Stored data

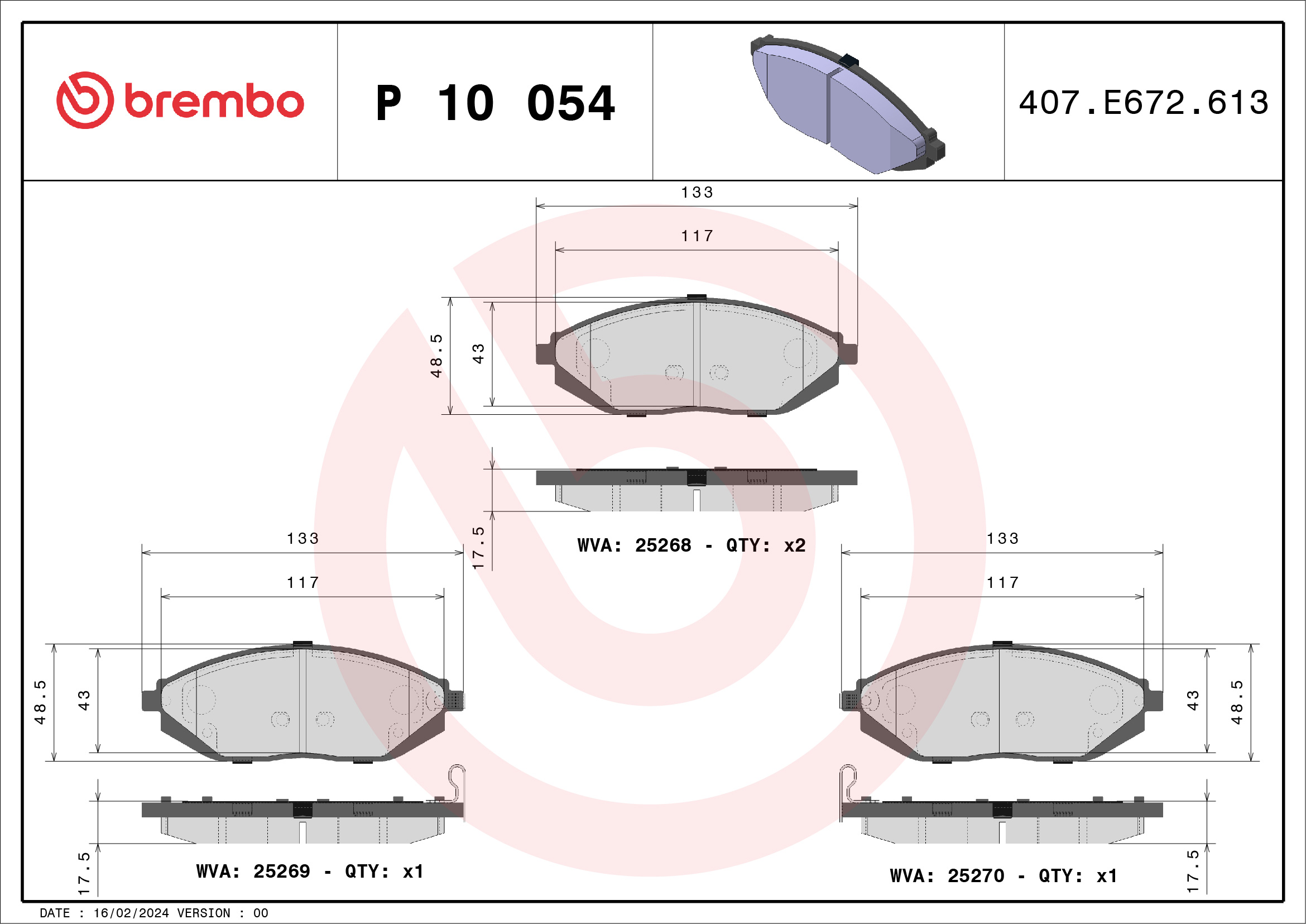 BREMBO P 10 054 - Sada brzdových destiček, vždy 4 kusy v sadě
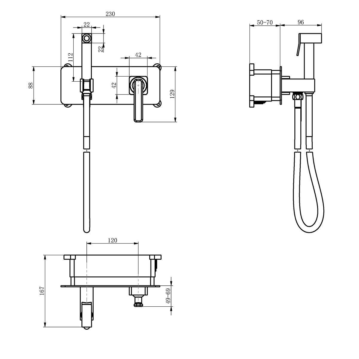 • Аксессуары в комплекте: лейка для биде с нажимным механизмом, шланг 1,2 м
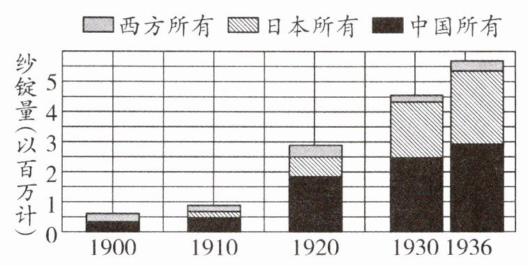 B 【解析】根据材料图示可知,在中国,西方所有的纱锭量虽有增加,但增加幅度较小,而日本所有的纱锭量迅速增加,甚至即将超过中国所有,这说明日本加快对中国的经济掠夺,B项正确。
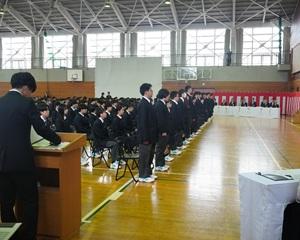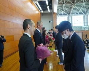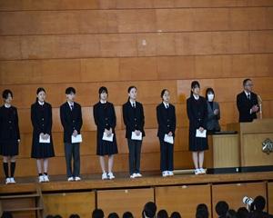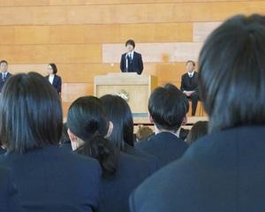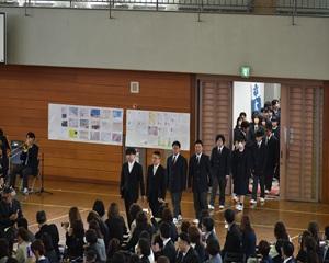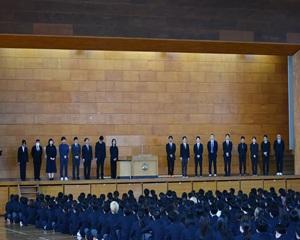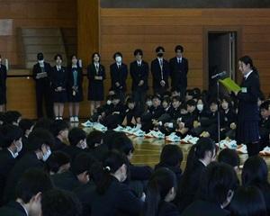 先生方からは本校での思い出や生徒たちへの激励のメッセージを話していただきました。花束贈呈の後、離任される先生方にとっては最後となる校歌を斉唱し、惜しまれつつ本校を去られました。
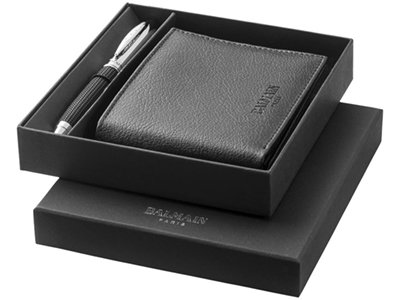 Два необходимых предмета в одном стильном подарочном наборе. Шариковая ручка с кожаным покрытием с бумажником. Эксклюзивный дизайн.
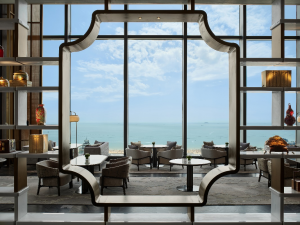 入口庭院中,著名艺术家任天进创作的白铜胡杨雕塑《千年》静立,以不朽材质凝铸时间力量,为空间注入坚韧而沉静的精神意象。穿庭而入,一座名为《启云》的当代艺术雕塑便映入眼帘,由著名雕塑大师隋建国创作,借现代材质与科技语言解构道家“有无相生”的哲思,生命痕迹隐于造型肌理,静立迎候八方来宾。首层抵达大堂萃取 “海上第一名山” 崂山灵韵,化作府邸专属玄关,宾客在此稍作休憩,便可乘梯直上 51 层空中大堂。登梯而至的雅境中,顶天立地的博古架巧借苏式框景之法,将海天一色收作流动画卷,亭榭形制的玻璃屏风疏朗有致,铜色旋转楼梯如飞龙踏云蜿蜒,传统意象经当代手法焕新。市花耐冬、海洋纹样等本土元素不着痕迹地融入动线。前一秒是海韵入怀的恢宏,转角便遇艺术长廊的典雅,真正实现 “一步一景,步移景异”,于方寸之间尽览东方美学的万千气象。
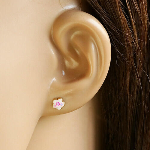 A 14 sárga arany fülbevaló egy szimmetrikus, fehér fénymázzal borított virágból áll, amelyet rózsaszín virágok díszítenek. A virágok közepe kék színű. A virágszirmokat fényes és sima vonal szegélyezi. Stekkeres zárszerkezet. A fülbevaló mérete: 6 x 6 mmA fülbevaló súlya: 0,4 gFémjelzéssel ellátva. Az ár egy párra vonatkozik.

**ABOUT THIS TASK:** Only the lines from the one containing "Два необходимых предмета" through the last line of the entries above should be copied, exactly as they are and without the pictures.

**ANSWER BOX:**
 Два необходимых предмета в одном стильном подарочном наборе. Шариковая ручка с кожаным покрытием с бумажником. Эксклюзивный дизайн.
 入口庭院中,著名艺术家任天进创作的白铜胡杨雕塑《千年》静立,以不朽材质凝铸时间力量,为空间注入坚韧而沉静的精神意象。穿庭而入,一座名为《启云》的当代艺术雕塑便映入眼帘,由著名雕塑大师隋建国创作,借现代材质与科技语言解构道家“有无相生”的哲思,生命痕迹隐于造型肌理,静立迎候八方来宾。首层抵达大堂萃取 “海上第一名山” 崂山灵韵,化作府邸专属玄关,宾客在此稍作休憩,便可乘梯直上 51 层空中大堂。登梯而至的雅境中,顶天立地的博古架巧借苏式框景之法,将海天一色收作流动画卷,亭榭形制的玻璃屏风疏朗有致,铜色旋转楼梯如飞龙踏云蜿蜒,传统意象经当代手法焕新。市花耐冬、海洋纹样等本土元素不着痕迹地融入动线。前一秒是海韵入怀的恢宏,转角便遇艺术长廊的典雅,真正实现 “一步一景,步移景异”,于方寸之间尽览东方美学的万千气象。
 A 14 sárga arany fülbevaló egy szimmetrikus, fehér fénymázzal borított virágból áll, amelyet rózsaszín virágok díszítenek. A virágok közepe kék színű. A virágszirmokat fényes és sima vonal szegélyezi. Stekkeres zárszerkezet. A fülbevaló mérete: 6 x 6 mmA fülbevaló súlya: 0,4 gFémjelzéssel ellátva. Az ár egy párra vonatkozik.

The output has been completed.